- Meeting abstract
- Open Access
Levosimendan treatment for acutely decompensated heart failure is as effective for Chagas disease patients as for patients with other etiologies
© BioMed Central Ltd 2003
- Published: 25 June 2003
- Heart Failure
- Primary Endpoint
- Heart Failure Patient
- Decompensated Heart Failure
The BELIEF study was designed to evaluate the safety and efficacy of a 24-hour levosimendan (Levo) infusion for the treatment of acutely decompensated heart failure (HF) patients. The primary endpoint was to check the proportion of patients who have been discharged from hospital without the need of using inotropes, other than Levo. In this subset, we investigated whether the Chagas disease (CD) subgroup has had the same hemodynamic benefits and achieved the primary endpoint compared with non-CD patients.
The BELIEF study was a multicentric trial, in which 156 acutely decompensated New York Heart Association class IV HF patients, mostly male (68%), mean age 56 years old, have received a 24-hour Levo infusion of 0.05–0.2 μg/kg/min. The patients have been diagnosed with HF 6 years ago, with a mean of 2.99 hospitalizations within the past year. The initial systolic blood pressure (SBP) was 110.8 mmHg (70–180 mmHg). Twenty-eight patients (22.4%) had CD as the HF etiology, 42 were due to ischemic disease and 38 were idiopathic.
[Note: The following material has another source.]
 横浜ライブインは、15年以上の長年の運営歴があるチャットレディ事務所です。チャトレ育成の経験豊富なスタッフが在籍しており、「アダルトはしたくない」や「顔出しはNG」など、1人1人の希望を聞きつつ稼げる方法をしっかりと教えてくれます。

One hundred and twenty-five patients (78.6%) have achieved the primary endpoint. The same proportion was seen in the CD patient subset, when compared with the non-CD group (75% vs 79.3%, P = 0.813). CD patients had the same mean age, sex distribution and clinical features as the non-CD patients. The CD group had more frequent hypotension when compared with the non-CD group (28.5% vs 15.4%, P = 0.0195). The dilated myocardiopathy group also had the same incidence of hypotension as the CD group (28.5% vs 34.2%, P = 0.826).
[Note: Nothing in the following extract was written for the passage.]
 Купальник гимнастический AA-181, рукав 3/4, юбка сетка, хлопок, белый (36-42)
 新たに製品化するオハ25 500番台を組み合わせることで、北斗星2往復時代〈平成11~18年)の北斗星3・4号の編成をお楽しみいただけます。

CD patients with acutely decompensated HF had the same hemodynamic benefits as HF patients with other etiologies treated with Levo. Three-quarters of CD patients have been discharged from the hospital without the need for inotropes after Levo treatment. Although hypotension was slightly more frequent in the CD group, it did not reduce the Levo response in this group of patients.